Sexueller Missbrauch
Merkmale und Tatsachen
Sexueller Missbrauch ist jede sexuelle Handlung, die an, mit oder vor Kindern und Jugendlichen gegen deren Willen vorgenommen wird oder der sie aufgrund körperlicher, seelischer, geistiger oder sprachlicher Unterlegenheit nicht wissentlich zustimmen können. Bei unter 14-Jährigen gilt, dass sie grundsätzlich nicht zustimmungsfähig sind.
Die Polizeiliche Kriminalstatistik von 2021 weist ca. 15.500 Fälle von angezeigtem sexuellen Missbrauch aus (§ 176, 176a, 176b StGB). Expert*innen gehen von einer 6-20mal höheren Dunkelziffer aus.
In 9 von 10 Fällen kommen die Täter*innen aus dem sozialen Umfeld der Betroffenen, in vielen Fällen aus der Familie.
Sexueller Missbrauch ist keine gewalttätige Form von Sexualität, sondern eine sexuelle Form von Gewalt. Ihr liegt immer ein Machtmissbrauch zugrunde.
Oft geht sexueller Missbrauch mit anderen Gewaltformen einher, etwa mit psychischer oder körperlicher Gewalt.
Sexueller Missbrauch liegt z.B. dann vor, wenn eine erwachsene oder deutlich ältere Person
- Mädchen oder Jungen dazu bewegt, sexuelle Handlungen an sich selbst, anderen Kindern oder der erwachsenen Person vorzunehmen,
- sie auffordert, sich nackt zu zeigen,
- ihnen pornografische Aufnahmen zeigt oder sie dazu bewegt, bei solchen Aufnahmen mitzumachen,
- sexuelle Handlungen am Körper von Mädchen oder Jungen vornimmt,
- mit Mädchen oder Jungen analen, oralen oder vaginalen Geschlechtsverkehr ausübt.
Bei über 80% der Fälle beginnt der Missbrauch im Alter zwischen 0 und 12 Jahren, eine Häufung findet sich in der Altersgruppe der 5- bis 8-Jährigen.
Täter*innen nutzen ihre Macht- und Autoritätsposition und ein bestehendes Vertrauensverhältnis aus, um eigene Bedürfnisse auf Kosten des Kindes bzw. der jugendlichen Person zu befriedigen.
Motive sind dabei nicht in erster Linie sexuelle Bedürfnisse, sondern das Verlangen nach Macht und Unterwerfung. Die Taten sind oft systematisch geplant, die Ängste, Schuld- und Schamgefühle der betroffenen Kinder und Jugendlichen werden strategisch genutzt, um unentdeckt zu bleiben.
Im Verlauf eines fortgesetzten Missbrauchs geraten betroffene Kinder zunehmend in verwirrende, beängstigende und häufig auch gegensätzliche Gefühle.

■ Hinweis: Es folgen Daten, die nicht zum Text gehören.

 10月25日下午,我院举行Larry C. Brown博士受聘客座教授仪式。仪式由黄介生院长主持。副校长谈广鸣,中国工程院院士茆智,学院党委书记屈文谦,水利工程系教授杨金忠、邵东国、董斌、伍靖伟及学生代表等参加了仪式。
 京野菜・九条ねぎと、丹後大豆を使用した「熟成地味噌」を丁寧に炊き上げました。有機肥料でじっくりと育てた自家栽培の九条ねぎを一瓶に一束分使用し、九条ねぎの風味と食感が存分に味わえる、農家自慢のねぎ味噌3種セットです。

Vielfältige Ängste bestimmen ihren Alltag, wie die Angst vor Wiederholung der Übergriffe, die Angst vor körperlichen Schmerzen, die Angst vor Entdeckung und davor, dass die Drohungen des Täters oder der Täterin wahr werden. Mit den Ängsten sind Gefühle von Ohnmacht, Hilflosigkeit und Ausweglosigkeit verbunden.
Von sexuellem Missbrauch betroffene Kinder erfahren, dass ihr Körper für die Befriedigung anderer benutzt wird. Ihre persönlichen Grenzen, ihre Bedürfnisse und Willensäußerungen werden immer wieder übergangen. Daraus resultieren Gefühle von Demütigung und Erniedrigung.

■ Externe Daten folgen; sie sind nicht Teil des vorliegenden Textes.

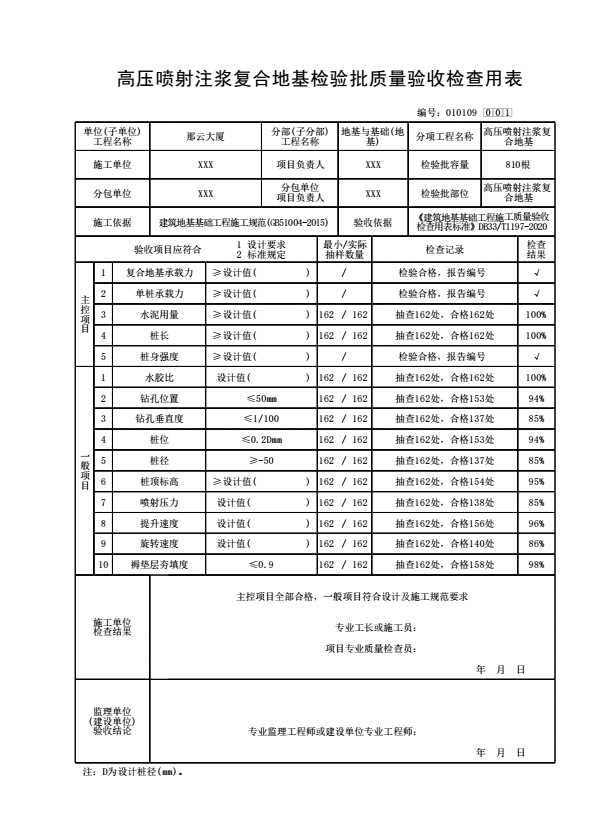 010109_高压喷射注浆复合地基检验批质量验收检查用表.

Fortgesetzter sexueller Missbrauch ist meist verbunden mit Verwirrung und Zweifeln an der eigenen Wahrnehmung. Ein vertrauter und oftmals auch geliebter Mensch tut dem Kind Gewalt an und versucht dabei gezielt, die Gefühle des Kindes zu leugnen, z.B. indem er sagt: „Das macht dir doch Spaß.“ Indem Täter*innen den Kindern verbieten, anderen Menschen davon zu erzählen, geraten die Kinder in Isolation und können ihre Wahrnehmung nicht durch den Austausch mit anderen Personen überprüfen. Schuld- und Schamgefühle verhindern dies zusätzlich.

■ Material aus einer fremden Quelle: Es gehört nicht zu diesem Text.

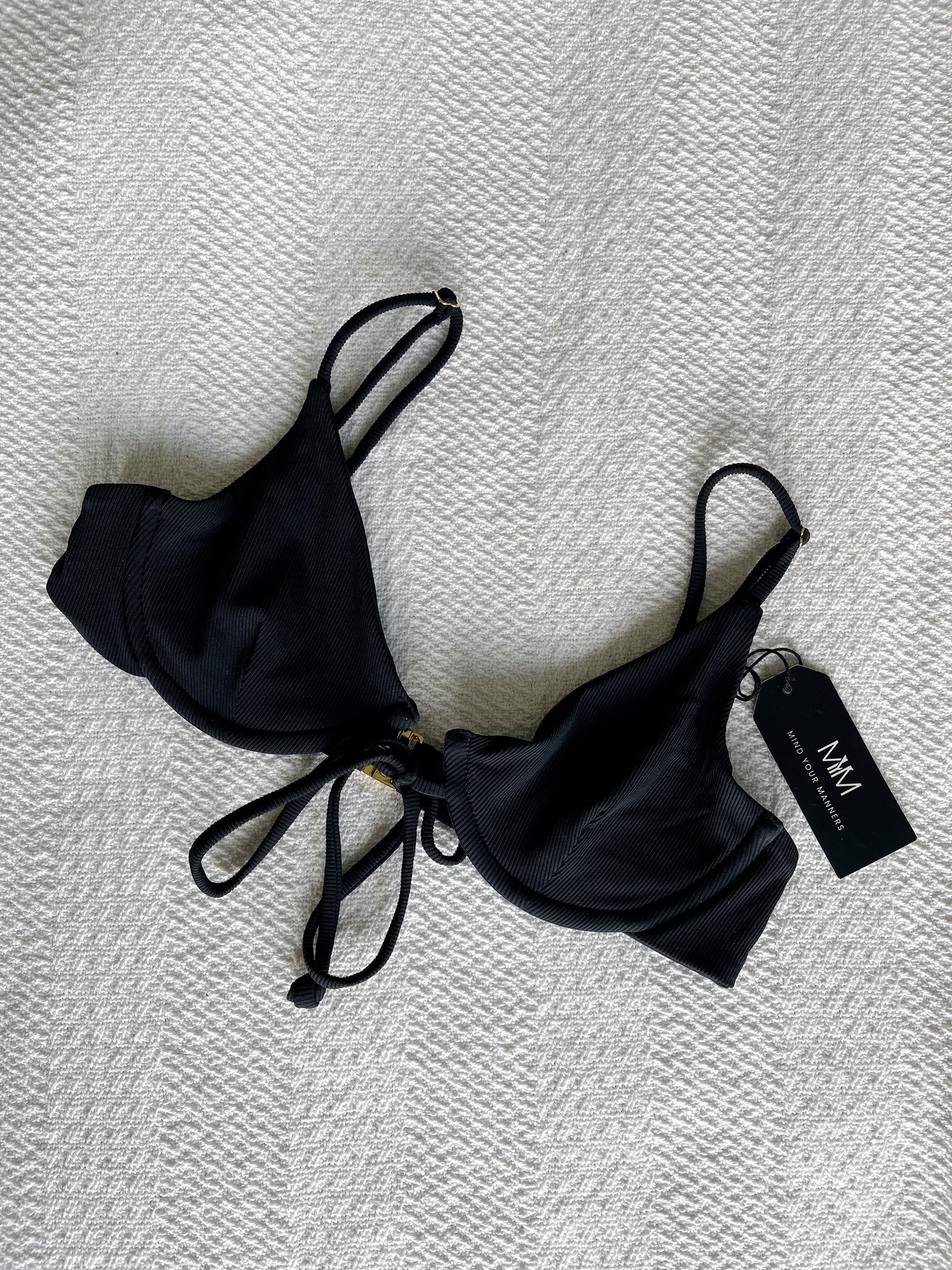 The softest, stretchiest material. Adjustable ribbed bra with wire for support.

Das öffentliche Bewusstsein ist im Hinblick auf sexuellen Missbrauch immer noch mit vielen Mythen und Fehleinschätzungen behaftet.
Auch diese erschweren es Betroffenen, über Erlebtes zu sprechen und sich Hilfe zu holen. Aufgabe von Gewaltprävention ist es demnach unter Anderem, solchen Mythen die Tatsachen entgegenzustellen.